HEIDELBERG  RACEWAY   -   PITTSBURGH  PA

The track was the brain-child of the original Wrights Sea Food Inn owner, Ike Wright.  It was originally constructed between 1947 and 1948 to be used as a horse racing establishment, with help and financial backing by Pittsburgh Steelers founder Art Rooney.  When horse racing was not legalized in Pennsylvania., the track was converted into a place for autos to compete.  The original track was a 1/2-mile dirt track that eventually had a 1/4-mile track cut into its infield.  The tracks shared part of a straightaway that existed in front of the main grandstands.  The first races happened at the track in May 1948.  When the race began, the air became dusty from the cars racing around the track.  Thursday nights were 

selected because the Pittsburgh Pirates Major League Baseball team had only three Thursday night baseball games that season.  Midget cars were the first weekly series and raced on the 1/4 mile track.  Special events featured sprint 

 

cars on the 1/2-mile track.  From 1950 until 1953, the track began hosting coupe racing under NASCAR sanction.  In 1954, Ed Witzberger took over promotion of the track, and eventually formed the Pittsburgh Racing Association (PRA) which raced coupes up to five nights per week including Thursday nights at Heidelberg.  Chris Economaki, was the track announcer for special events in the 1950s.  Heidelberg held the seventh event in the first season of NASCAR's Strictly Stock Series on October 2.  The race was 200 laps around the 1/2 mile dirt oval.  Lee Petty won his first NASCAR race at the track.  Dick Linder finished second five laps 

behind.  Bill Rexford was third, followed by Sam Rice and Sara Christian.  Christian's fifth place finish in that race was the highest finish by a woman driver in the top level of the NASCAR racing.  To date that is the only time a female

 

has  made a top five in the Cup Series.  The next race saw Fonty Flock start on the pole, but crash out while leading on lap 21.  Herb Thomas would pick up the lead at that point and lead the rest of the laps to get the win.  Jim Fiebelkorn would finish second and Augie Walackas was third.  It would be both of their best career finishes.  The Cup Series didn't return back until 1959, and when they did, they raced on the 1/4 mile oval.  Jim Reed would lead the final 46 laps to beat Rex White to the finish.  Lee Petty was third.

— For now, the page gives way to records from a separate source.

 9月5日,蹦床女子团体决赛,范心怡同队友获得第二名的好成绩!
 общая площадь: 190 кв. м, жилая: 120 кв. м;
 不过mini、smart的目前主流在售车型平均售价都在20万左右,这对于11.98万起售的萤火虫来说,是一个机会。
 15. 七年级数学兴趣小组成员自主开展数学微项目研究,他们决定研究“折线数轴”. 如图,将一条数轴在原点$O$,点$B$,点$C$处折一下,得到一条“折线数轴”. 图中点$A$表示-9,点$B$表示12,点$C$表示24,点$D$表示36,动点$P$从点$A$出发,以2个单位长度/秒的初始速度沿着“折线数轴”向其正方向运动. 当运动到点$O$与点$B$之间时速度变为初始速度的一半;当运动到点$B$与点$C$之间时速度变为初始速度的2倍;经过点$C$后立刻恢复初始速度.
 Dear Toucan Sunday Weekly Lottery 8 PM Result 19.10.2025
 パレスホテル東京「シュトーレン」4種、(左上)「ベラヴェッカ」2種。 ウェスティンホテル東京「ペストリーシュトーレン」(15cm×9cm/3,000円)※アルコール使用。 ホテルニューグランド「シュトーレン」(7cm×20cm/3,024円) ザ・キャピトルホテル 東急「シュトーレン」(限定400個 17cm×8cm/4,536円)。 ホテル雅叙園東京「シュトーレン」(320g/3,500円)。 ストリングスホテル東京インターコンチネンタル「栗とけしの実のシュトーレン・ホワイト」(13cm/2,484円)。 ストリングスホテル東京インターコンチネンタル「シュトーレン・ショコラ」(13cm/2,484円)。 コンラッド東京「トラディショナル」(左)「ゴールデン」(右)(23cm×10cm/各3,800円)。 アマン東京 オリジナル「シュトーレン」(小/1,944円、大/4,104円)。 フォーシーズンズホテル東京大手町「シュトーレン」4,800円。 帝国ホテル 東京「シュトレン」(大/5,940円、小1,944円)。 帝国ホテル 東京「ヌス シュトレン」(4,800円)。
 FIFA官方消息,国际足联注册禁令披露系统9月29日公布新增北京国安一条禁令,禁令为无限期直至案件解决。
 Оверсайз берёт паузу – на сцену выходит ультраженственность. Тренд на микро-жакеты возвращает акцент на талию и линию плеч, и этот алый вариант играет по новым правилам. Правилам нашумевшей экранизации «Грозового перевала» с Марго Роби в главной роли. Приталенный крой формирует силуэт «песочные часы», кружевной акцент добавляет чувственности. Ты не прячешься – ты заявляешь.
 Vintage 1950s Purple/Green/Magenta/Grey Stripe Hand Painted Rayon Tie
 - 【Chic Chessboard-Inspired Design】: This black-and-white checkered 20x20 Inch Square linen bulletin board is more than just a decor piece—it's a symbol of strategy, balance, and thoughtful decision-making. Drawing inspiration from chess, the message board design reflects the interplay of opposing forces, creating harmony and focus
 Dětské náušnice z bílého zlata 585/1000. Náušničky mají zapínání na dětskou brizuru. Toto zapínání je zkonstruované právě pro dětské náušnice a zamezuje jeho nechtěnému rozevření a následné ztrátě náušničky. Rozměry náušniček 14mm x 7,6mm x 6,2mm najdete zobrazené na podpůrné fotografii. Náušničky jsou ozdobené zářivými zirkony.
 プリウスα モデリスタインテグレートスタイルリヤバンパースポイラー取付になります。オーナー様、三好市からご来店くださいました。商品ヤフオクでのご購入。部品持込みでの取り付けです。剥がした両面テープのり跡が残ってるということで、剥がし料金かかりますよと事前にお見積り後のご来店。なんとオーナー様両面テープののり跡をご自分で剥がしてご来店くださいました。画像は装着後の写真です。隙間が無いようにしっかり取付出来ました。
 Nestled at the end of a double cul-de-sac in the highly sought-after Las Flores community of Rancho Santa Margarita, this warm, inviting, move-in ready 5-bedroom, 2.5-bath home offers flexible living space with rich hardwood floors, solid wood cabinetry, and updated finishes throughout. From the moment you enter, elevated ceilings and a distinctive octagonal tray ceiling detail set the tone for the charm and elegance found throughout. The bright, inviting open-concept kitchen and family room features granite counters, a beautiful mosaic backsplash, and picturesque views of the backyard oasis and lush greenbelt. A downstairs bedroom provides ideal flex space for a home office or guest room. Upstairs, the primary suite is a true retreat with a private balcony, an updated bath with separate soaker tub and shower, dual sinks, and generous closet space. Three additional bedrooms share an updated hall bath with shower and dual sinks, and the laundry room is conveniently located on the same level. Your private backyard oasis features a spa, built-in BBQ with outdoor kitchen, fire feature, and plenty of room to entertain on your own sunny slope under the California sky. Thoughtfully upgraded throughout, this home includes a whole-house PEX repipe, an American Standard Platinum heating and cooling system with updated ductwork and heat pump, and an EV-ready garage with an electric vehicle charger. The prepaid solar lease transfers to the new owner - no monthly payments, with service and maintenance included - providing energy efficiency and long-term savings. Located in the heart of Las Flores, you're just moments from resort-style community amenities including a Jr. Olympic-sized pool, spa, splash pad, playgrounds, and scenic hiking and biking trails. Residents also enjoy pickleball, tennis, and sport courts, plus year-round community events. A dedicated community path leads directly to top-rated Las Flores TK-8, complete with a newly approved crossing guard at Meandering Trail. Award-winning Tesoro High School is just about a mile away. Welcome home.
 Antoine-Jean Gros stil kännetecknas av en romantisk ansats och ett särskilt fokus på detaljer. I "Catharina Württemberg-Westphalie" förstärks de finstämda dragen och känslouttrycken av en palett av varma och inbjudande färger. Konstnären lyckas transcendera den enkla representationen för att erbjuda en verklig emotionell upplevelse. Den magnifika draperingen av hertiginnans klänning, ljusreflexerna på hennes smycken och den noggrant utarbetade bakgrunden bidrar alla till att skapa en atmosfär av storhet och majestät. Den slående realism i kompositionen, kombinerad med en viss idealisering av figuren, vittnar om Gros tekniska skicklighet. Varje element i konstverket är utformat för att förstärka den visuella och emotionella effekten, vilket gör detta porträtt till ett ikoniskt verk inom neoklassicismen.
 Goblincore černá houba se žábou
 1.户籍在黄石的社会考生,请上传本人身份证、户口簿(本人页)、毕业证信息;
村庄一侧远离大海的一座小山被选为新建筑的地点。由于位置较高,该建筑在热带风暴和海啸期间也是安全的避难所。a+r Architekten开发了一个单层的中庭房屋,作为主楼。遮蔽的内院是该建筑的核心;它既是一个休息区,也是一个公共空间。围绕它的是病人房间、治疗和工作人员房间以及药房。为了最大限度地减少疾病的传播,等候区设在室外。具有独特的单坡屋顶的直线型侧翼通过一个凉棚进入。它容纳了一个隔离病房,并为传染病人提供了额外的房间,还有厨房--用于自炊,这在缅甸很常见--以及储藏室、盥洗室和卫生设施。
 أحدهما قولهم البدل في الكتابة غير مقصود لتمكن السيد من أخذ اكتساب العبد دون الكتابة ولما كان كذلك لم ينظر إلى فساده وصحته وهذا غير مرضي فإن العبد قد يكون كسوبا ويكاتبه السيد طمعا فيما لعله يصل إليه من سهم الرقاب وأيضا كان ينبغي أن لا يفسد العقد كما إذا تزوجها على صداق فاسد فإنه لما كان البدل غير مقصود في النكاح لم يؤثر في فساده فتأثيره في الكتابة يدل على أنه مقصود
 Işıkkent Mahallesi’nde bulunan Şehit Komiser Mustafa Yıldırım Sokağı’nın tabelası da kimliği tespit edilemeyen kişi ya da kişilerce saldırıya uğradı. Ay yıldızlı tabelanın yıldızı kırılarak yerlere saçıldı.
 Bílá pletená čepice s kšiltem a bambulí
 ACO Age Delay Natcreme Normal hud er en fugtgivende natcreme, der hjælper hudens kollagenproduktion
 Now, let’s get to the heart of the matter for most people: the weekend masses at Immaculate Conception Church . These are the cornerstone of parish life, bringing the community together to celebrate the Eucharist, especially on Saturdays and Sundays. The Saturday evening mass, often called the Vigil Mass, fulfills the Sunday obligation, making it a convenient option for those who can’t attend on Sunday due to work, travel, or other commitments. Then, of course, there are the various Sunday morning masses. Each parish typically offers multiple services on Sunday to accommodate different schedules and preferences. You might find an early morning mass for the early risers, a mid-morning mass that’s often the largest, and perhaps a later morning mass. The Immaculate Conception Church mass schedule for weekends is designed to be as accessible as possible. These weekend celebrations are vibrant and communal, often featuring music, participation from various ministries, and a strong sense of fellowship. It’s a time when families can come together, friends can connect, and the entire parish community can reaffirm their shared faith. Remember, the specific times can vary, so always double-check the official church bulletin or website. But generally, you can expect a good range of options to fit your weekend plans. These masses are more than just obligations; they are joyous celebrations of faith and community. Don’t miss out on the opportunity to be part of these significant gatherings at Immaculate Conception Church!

The final Cup 

race was in July 1960 schedule for 200 laps.  Lee Petty would beat son Richard by more than three laps to get the win.  Rex White was third.  Witzberger had both tracks paved before the 1967 season.  At the end of the 1972 season, when track promoter Ed Witzberger and driver Tom Colella could not come to terms on a three-year lease, an agreement was reached where Colella would lease the track, for one year, in 1973.  The track was permanently closed at the end of the 1973 season.  Colella cited the 1973 oil crisis and urban sprawl as factors in the decision.  There wasn't a facility in Western Pennsylvania and very few in the country that matched its amenities.  The seating was state-of-the-art stuff.  Witzberger had an electric scoreboard before anybody else had it.  He had a press box with theater seating in it and it was air-conditioned.  That track then is probably better than 90 percent of the tracks that exist today.  And that was back in the '60s and '70s.  He was always very progressive at the short-track level.  There is a strip mall at the location the raceway used to be called "Raceway Plaza".